The anonymization means is:
As long as the determination unit determines that the number of records is equal to or greater than a threshold value that is an index of anonymity in all types of provider information in all the groups, the anonymization using top-down processing is performed. Process,
The anonymization device according to claim 2.

The determination means includes
When there are three or more types of provider information included in the data stored in the storage means, in the group including three or more types of provider information, the provider information is used as a provider of two or more types of provider information. For each type,
The anonymization apparatus of any one of Claims 2-4.

The determination means includes
Using a threshold for each type of provider information, determine whether the number of records is equal to or greater than a threshold that is an index of anonymity,
The anonymization apparatus of any one of Claims 2-5.

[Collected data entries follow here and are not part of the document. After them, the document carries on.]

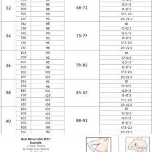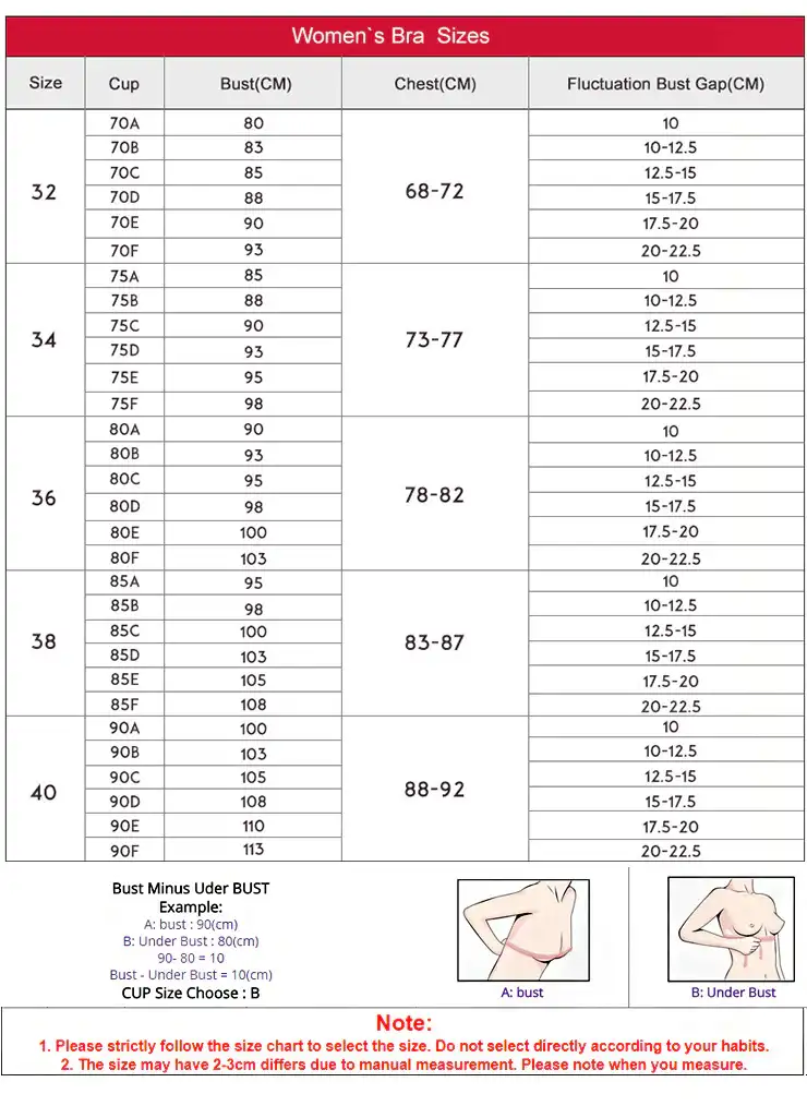 | Size | 70A, 70B, 75A, 75B, 75C, 80A, 80B, 80C, 85A, 85B, 85C, 90C |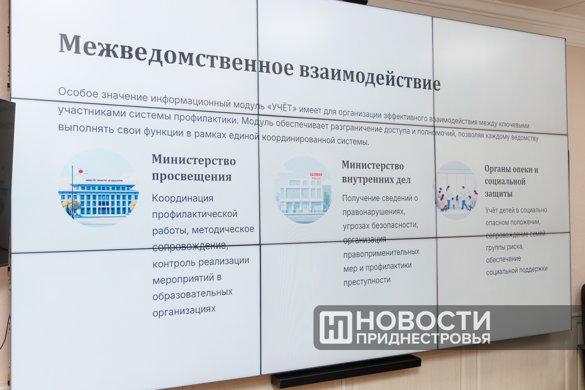 Тирасполь, 3 февраля. /Новости Приднестровья/. По поручению Президента ПМР Вадима Красносельского Министерство внутренних дел совместно с Министерством просвещения занялись созданием системы противодействия школьному насилию (буллингу) и правонарушениям среди подростков. Сегодня специалисты впервые представили пилотный проект — информационный модуль «Учёт».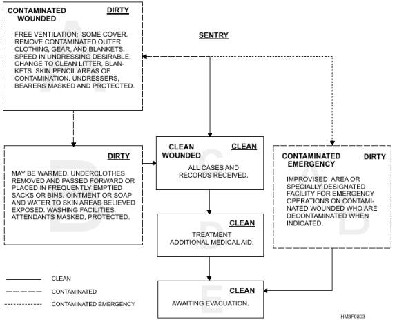 DECONTAMINATION The guiding principle in personnel decontamination is to avoid spreading contamination to clean areas and to manage casualties without aggravating other injuries. Casualty Priorities The following order of priority for first aid and decontaminating casualties is recommended: 1. Control of massive hemorrhage 5. Adjustment of patient's mask, if mask is necessary 6. First aid in less severe shock and wounds The basic steps in sorting and handling casualties are indicated in figure 8-3. This plan should be modified to fit specific needs.

The determination means includes
The number of types of sensitive information included in the group in the case where a record including one type of provider information is excluded from the group having the same quasi-identifier value is a predetermined index of diversity. Whether or not it is a certain threshold or more is determined in all the groups for each type of provider information,
The anonymization means is:
Based on the determination result of the diversity of the determination means, the data is anonymized,
The anonymization apparatus of any one of Claims 2-6.

The anonymization device according to claim 1, further comprising: an output unit that outputs anonymized data based on a determination result of the determination unit.

Regarding data that combines records obtained from multiple providers, determine whether the anonymity of the data is maintained for any provider that provided records that are part of the data,
Based on the determination result, data is anonymized,
Anonymization method.

A process for determining whether data anonymity is maintained for any provider that provided a record that is a part of the data regarding data obtained by combining records obtained from a plurality of providers. ,
The program which makes a computer perform the process which anonymizes data based on the said determination result.